Posts made by Gina Bennett

Hi Janet & fellow SCoPE-ers

My business card tells me I'm an 'eLearning Specialist' at College of the Rockies in BC, Canada. I support all types of distance learning & also curriculum development at our small postsecondary institution.

Like several others, I expect I'll be mostly lurking in this discussion since I am not actively involved in formal research requiring live online interviews. However, I have been both the conductor & the conductee in several online interviews & I am curious to know how it might have gone better. I know enough about interviewing to understand how important it is to develop a sense of trust before you attempt to collect any data & that's not always easy to do in an online environment in which at least one of the participants lacks confidence.

In terms of research, I'm currently looking into ways to assess intercultural competence for individuals, institutions, & communities.

Looking forward!
Gina

Hi Nellie,

I've been involved in some effective collaborations too. When I reflect about what made them effective, I can think of a few points:
  • we started out with clear tasks and a very tight timeline
  • we all had had past experience working in a team
  • consequently, we knew to jump right in & get to work
  • we didn't spend hours or agonize over who would do what; everybody picked something to do & set a time to report back
  • we communicated FREQUENTLY
  • we were always polite with each other, even when the time got very tight or if someone forgot to do something
  • when reporting out, we took credit (& accepted blame) as a team rather than as individuals.
When I think about it, some of my most satisfying teamwork experiences have been with virtual teams in which I never met the participants in person. I think there are some advantages to NOT knowing each other's detailed histories. But I can certainly vouch for the fact that practice makes for improvement when it comes to teamwork & collaboration.

Gina
Hi everybody. I'm joining this discussion rather late but feel motivated to jump in after attending the Open Education conference last week.

Sylvia asked "why collaborate?" Some of us accept it as an automatic Good -- a 'motherhood' issue -- but I think it's a question that really needs to be considered directly. Faculty set up assignments that encourage students to collaborate but unless there are some clearly-stated benefits for collaboration, many students resent it (I heard this comment mentioned from someone at the OpenEd conference as well). Some people focus on the economic benefits of collaboration but I'm feeling more & more leery about that justification; I think it's a far too insular & shortsighted view. So if you don't accept collaboration as an automatic good nor a financial investment, why collaborate?

I think the biggest change that technology has brought to education (maybe to the world) is a smudging of the boundaries & borders between us. The new incredible powers of communication make it painfully obvious that we do not exist in a vacuum; we can't maintain our little educational or cultural kingdoms. Even our tiny college, tucked away in a narrow valley within the Rocky Mountains, is vitally affected by what happens in other colleges in the province, by universities in the province next door, by the politics of our neighbour country to the south. If we don't communicate/collaborate often & well, we will disappear.

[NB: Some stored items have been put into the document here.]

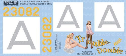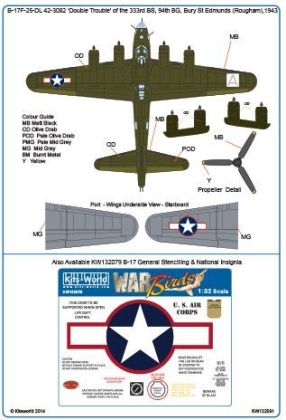 B-17F-25-DL, 42-3082, 'Double Trouble', was flown by Lt William Winnesheik, 333 BS/94 BG, Rougham, England, in October 1943. This ship was assigned to the unit from 10 June 1943 to 4 October 1943, when it crash landed at Margate, England, after a combat mission to St. Dizier, France.
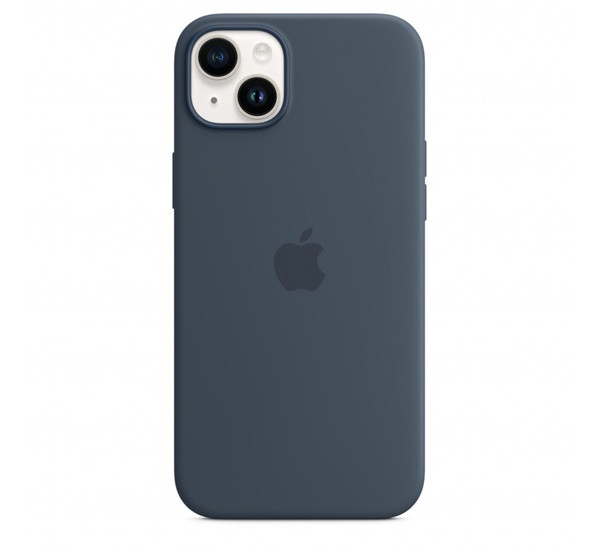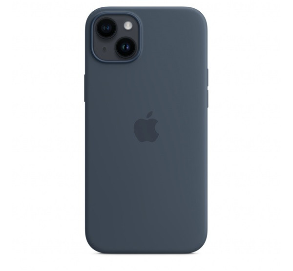 Apple iPhone 14 Plus MagSafe-rögzítésű szilikon tok, Viharkék
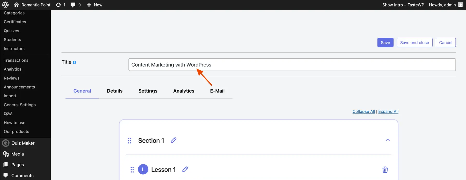 Once you add a new course add the course name first. This title shows up when people see the course listed on your website.
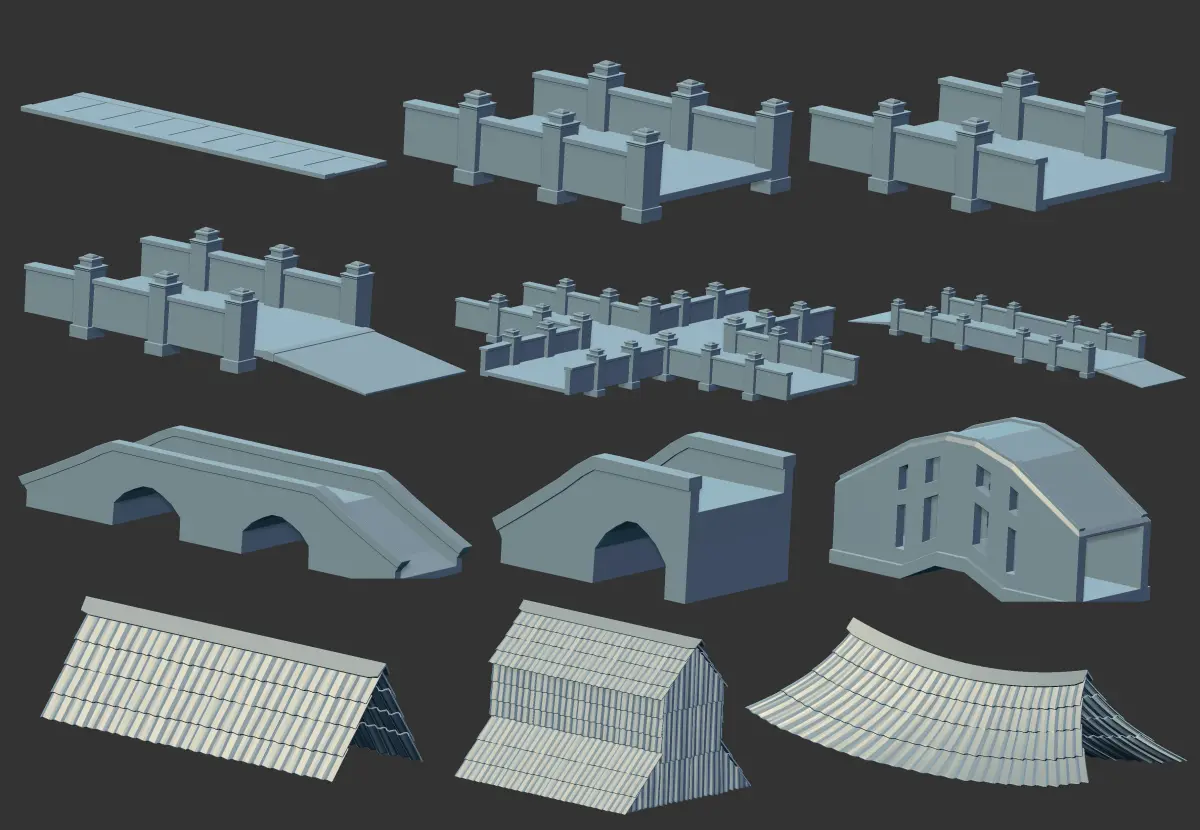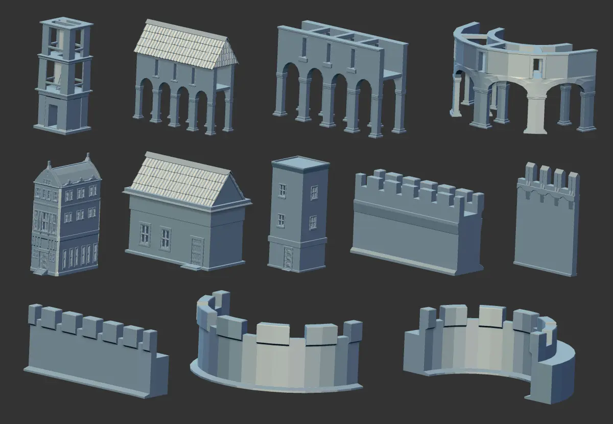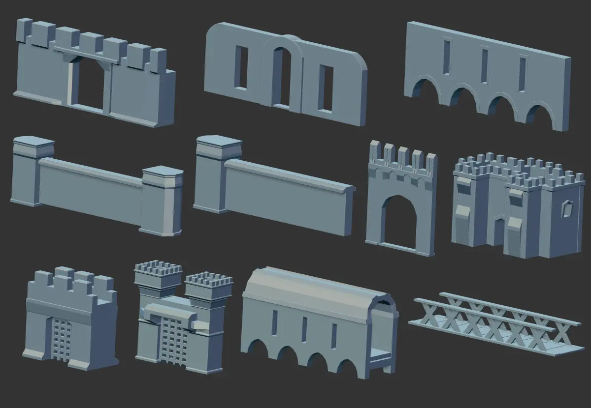 100 Low-poly medieval fantasy castle and fortress kitbash IMM Zbrush brush set, obj and fbx files.
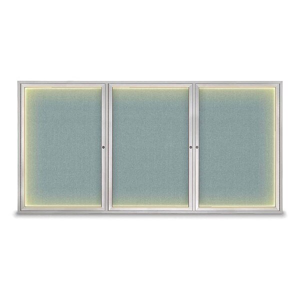 Corkboard,Lighted,Fabric,3 Door,Satin/Cld,96 x 48 In.
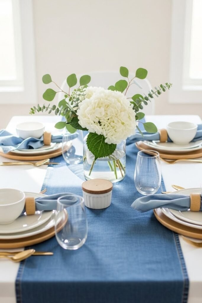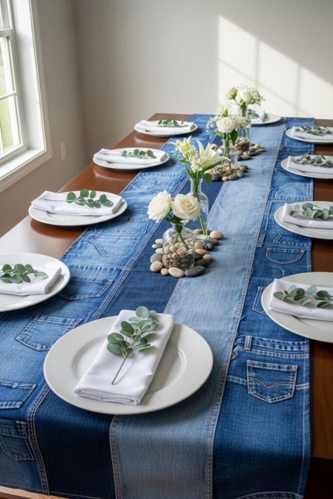 Style tables with denim-inspired runners or folded jean fabric placed down the center. Pair with white plates and light wood accents to keep the look clean.
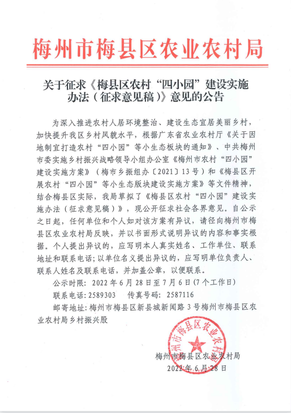關于征求《梅縣區農村“四小園”建設實施辦法(征求意見稿)》意見的公告
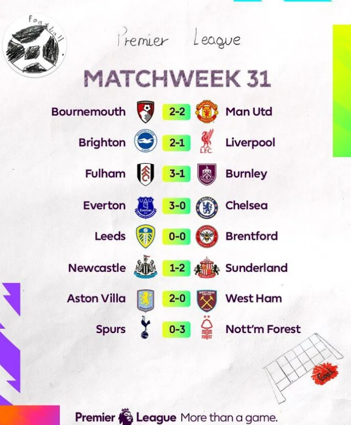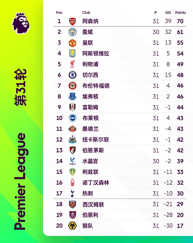 北京时间3月23日晚,本轮英超除曼城对阵水晶宫延期外,其他9场比赛全部结束。由于本周阿森纳在联赛杯决赛对阵曼城,双方本轮联赛改期进行(阿森纳比赛提前至2月19日,曼城比赛则推迟,具体时间待定)。在提前进行的那场对决之中,狼队爆冷2比2逼平领头羊阿森纳,如今枪手多赛一场情况下仍领先曼城9分;本周开打的8场英超31轮比赛中,曼联2比2被伯恩茅斯逼平仍位列第三;而阿斯顿维拉2比0轻取保级球队西汉姆联,离曼联仅剩1分;利物浦则是1比2负于布莱顿继续位居第五,切尔西0比3惨败埃弗顿,红蓝两军双双折戟。
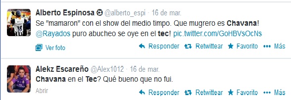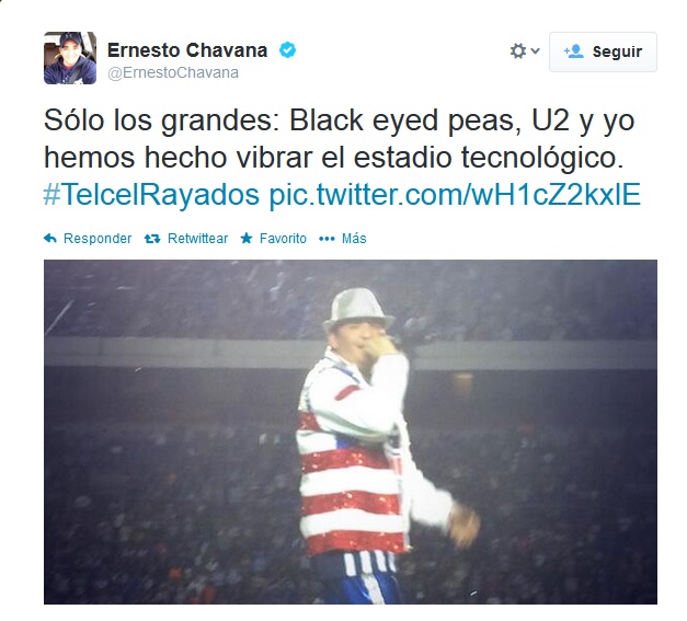 Lo que muchos no saben es que Ernesto Chavana salió bien enojado de la cancha del Tec, refiriéndose a los que lo abucharon como unos ignorantes, rancheros y faltos de educación, “Está gente corriente no sabe que soy muy famoso”, “Puro Licenciado corriente, que ching…. a su madre”, “Gente ignorante, rancheros sin educación, no respetan el arte, no saben de música, afición de los rayados ignorantes”, “Pend….. afición de los rayados, agradecidos debían de estar que me presente en el Tec, a quien deberían de abuchar es a su equipo mediocre”, eso lo dijo en presencia de varias personas y sólo fueron algunas de las expresiones de Ernesto Chavana hacia la afición del Monterrey, después de haber abandonado la cancha, y lamentable cómo se expresó de quienes no se dejan engañar por la televisión basura y de quienes son Rayados de corazón y que les pareció pésima la presentación de Chavana en el Estadio.
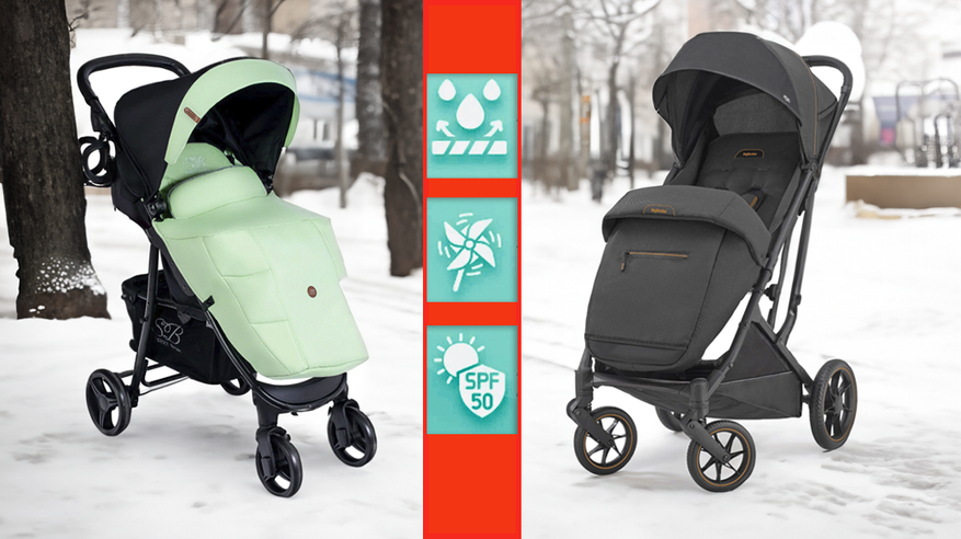 — Большой козырёк защищает от солнца, снега и дождя, вентиляционное окошко даёт прохладу в жаркую погоду, а мягкие амортизаторы обеспечивают плавный ход. Независимо от дороги и погоды, ребёнок будет чувствовать себя уютно.

I, too, was very interested in Catherine Ngugi's keynote talk at OpenEd. I was fascinated especially by her description of how they use various open education strategies to help their medical students acquire patient experience. I realized how useful these strategies (& arguments) would be for a remote science lab project I'm involved in. In this case, we Canadians would be the 'developing nation' partner seeking to learn from the more 'developed' educational practices of our sub-Saharan partner.

Maybe being so small helps keep us humble shy

Gina Bennett
College of the Rockies

We've had 2 days of quietness on this topic & of course that's to be expected as a scheduled discussion draws to a close. Part of it too, I suspect, is because we are sort of preaching to the choir. SCoPE is a very open community & none of us would be here if we were hyper-concerned about copyrighting every word we write. But we also know that not everybody feels the same way; progress towards openness seems glacial at times. What can we personally do to speed things up?

What, specifically, can *I* do? I can rant, of course, but I already do that & I have to be careful with that compulsion. I can be concientious about using CC licencing or copylefting what I produce. But for change to occur, to push us over the tipping point with OERs & openness in general, we'll need more & wider strategies. There's a range of strategies already out there, from the guerilla-like tactics of gpirate all the way to the friendly reminder from BCcampus to use at least a BC Commons licence on provincially-funded online development.

I suspect the next Big Step will take place at the institutional and regional/provincial levels. Institutions can declare their commitment to openness, as Capilano University did when it became the first institution in BC to join the OpenCourseWare initiative. In BC, we have the requirement for provincially-funded educational resources to be published semi-openly in our repository (SOL*R). In terms of providing incentive for publishing OERs, this cover the 'stick' approach. But maybe we would benefit from some additional 'carrot' approaches: some showy publicity for the institution which publishes the most OERs in the most open format, maybe a special funding envelope for curriculum developed with existing OERs, perhaps a targetted innovation award for the team that has done something really exciting with openness.

Somehow I think we have to increase the porosity of our institutions, of The Academy overall. Educational openness in general & OERs specifically have to be tied in with our strategic plans and vision statements & talked about as contributing to the positive future we're all hoping for.